The thing is, she's three years old. And she's not baptized.
A Roman Catholic child must be baptized and receive the sacrament of penance, usually around age eight, in order to receive first communion. I remember being six or seven years old when I visited my Godmother's church, and when I went up in the communion line behind her, my Godmother told the priest that I "wasn't old enough" yet to receive, even though I desperately wanted to. Right around that time in my life, my parents distributed communion wafers to the sick, and I remember sneaking into their room, opening the sacred case, and eating many of those wafers long before I received my "first" communion. (Sorry, Mom and Dad!)
At my new parish, my toddler's age and catechetical development are a moot point when it comes to receiving communion. It is enough that she has seen me receive bread and wine during liturgy and said explicitly, without any prompting, "Can I have some of that?"
That's what she said to me last Sunday after she had received a blessing from the deaconess and she saw me and others receive the bread and wine. And as I carried her back to our pew, I whispered to her, "Yes, honey--next week you can have some of that."
Last night we took part in an evening liturgy with the St. Brigid community, a gathering of young families that meets for Eucharist and dinner afterward at St. Augustine's. The dozen of us present there sat in a circle on mismatched sofas. A couple of people chose to sit on pillows on the rug-laden floor. My daughter started out cuddling close to me on the sofa and gradually worked her way down to a pillow of her own. Readings were proclaimed by almost everyone in the circle, and as I read, my daughter sat in my lap and repeated after me. We sang a chant together after each reading, and she sang along with us after I read. When it came time to share of the bread, I received first, and then she did. The bread was soft, recently baked, and tasted of honey. I drank from the cup of wine and then helped my daughter dip a piece of bread in the cup. She tasted the soaked bread tentatively. I kept my hand at the ready in case she spit it out--she has pretty particular tastes. By the time the liturgy had concluded, her morsel was gone.
I want to shout to the world that my daughter's first communion took place on November 14, 2013 in the presence of a few marvelously warm companions (literally, bread-sharers). She didn't have to jump through sacramental or catechetical hoops first. She didn't have to dress up as a miniature bride or have posed pictures taken afterward. Eating of the bread of life and drinking of the cup of salvation were for her the most commonplace thing in the world--and in the ordinary-ness, divine encounter took place. My baby met God in those people, that bread, and that community's stance of radical hospitality.

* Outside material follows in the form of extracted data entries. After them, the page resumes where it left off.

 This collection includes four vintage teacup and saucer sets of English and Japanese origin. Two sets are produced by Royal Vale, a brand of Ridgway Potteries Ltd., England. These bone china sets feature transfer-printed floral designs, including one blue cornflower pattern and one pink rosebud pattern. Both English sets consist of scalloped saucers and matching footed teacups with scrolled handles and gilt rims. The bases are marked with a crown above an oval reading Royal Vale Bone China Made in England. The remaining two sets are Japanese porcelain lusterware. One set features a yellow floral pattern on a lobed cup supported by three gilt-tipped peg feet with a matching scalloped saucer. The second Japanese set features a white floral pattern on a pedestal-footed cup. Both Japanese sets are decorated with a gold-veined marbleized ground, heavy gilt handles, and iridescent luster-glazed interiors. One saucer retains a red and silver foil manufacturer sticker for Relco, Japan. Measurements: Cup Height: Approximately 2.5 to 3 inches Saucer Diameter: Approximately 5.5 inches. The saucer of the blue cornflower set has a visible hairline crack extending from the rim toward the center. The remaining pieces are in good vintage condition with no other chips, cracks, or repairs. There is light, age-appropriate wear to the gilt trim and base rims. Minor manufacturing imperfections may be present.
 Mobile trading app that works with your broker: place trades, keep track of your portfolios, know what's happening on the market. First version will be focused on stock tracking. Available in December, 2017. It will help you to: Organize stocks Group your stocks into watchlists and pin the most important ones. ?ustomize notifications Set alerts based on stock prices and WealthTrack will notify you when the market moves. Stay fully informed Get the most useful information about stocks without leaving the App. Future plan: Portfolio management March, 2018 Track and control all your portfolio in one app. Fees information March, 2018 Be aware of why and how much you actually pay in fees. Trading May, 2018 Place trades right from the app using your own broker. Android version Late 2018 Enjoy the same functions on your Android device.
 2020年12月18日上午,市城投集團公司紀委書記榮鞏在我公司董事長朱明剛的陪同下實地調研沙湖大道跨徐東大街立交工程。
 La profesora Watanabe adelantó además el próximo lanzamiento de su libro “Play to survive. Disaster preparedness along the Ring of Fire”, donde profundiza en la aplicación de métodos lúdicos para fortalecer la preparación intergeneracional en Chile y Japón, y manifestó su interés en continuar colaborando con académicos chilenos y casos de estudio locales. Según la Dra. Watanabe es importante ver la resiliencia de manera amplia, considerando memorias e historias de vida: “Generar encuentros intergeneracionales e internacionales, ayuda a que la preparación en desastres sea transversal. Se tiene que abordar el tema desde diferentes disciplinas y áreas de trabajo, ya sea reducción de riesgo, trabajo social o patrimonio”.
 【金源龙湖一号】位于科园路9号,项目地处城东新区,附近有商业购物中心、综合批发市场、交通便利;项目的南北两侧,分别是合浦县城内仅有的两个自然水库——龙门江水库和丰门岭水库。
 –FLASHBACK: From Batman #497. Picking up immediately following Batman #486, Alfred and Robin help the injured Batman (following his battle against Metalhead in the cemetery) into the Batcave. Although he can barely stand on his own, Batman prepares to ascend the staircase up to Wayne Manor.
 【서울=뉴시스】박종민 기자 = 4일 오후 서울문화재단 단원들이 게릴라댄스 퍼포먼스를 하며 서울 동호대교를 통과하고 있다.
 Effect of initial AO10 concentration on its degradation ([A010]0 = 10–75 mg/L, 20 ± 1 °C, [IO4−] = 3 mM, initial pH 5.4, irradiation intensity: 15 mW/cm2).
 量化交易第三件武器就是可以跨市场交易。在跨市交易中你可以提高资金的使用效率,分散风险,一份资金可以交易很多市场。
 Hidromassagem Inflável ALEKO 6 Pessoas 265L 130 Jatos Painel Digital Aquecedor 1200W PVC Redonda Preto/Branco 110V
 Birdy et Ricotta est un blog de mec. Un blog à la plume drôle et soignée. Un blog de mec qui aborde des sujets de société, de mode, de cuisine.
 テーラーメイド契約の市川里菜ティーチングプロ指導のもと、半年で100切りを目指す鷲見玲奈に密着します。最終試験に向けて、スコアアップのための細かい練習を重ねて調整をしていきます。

When she was a couple of months old, I asked for my daughter to be enrolled in the child catechumenate at my Roman Catholic parish. She became a catechumen, which meant that I was promising, along with my hubby and our church community, to prepare her for the opportunity to be baptized later in life, when she would be old enough to remember her baptism. Her journey into the Christian life has continued ever since. I don't mean that I've taught her piety (I'm pretty sure that's a long way off) or "how to be a good Catholic." If anything, I've taught her that to be religious is to learn rituals that teach her how to live in the world. What I want her to learn, and what I think she will know in her bones by the time she's ready to choose baptism, is that she doesn't have to wait or accomplish something in order to be fed. Jesus the Christ fed everyone who hungered, period. If she learns what I hope she learns about the Golden Rule, then perhaps she will also decide that to be Christian, to act as Christ acted, is what she wants for her life.
At St. Augustine's, receiving the sacred bread and wine is allowed to be one's path toward baptism, rather than baptism being a necessary prerequisite for communion. I have rarely witnessed such a tangible expression of God's abundant, overflowing grace as I did last night, when my daughter was welcomed at the table, just as she was. Whether she chooses baptism later in life or not, I hope that that lesson of radical hospitality always remains with her. If it does, baptized or not, she will be a living icon of Christ's love.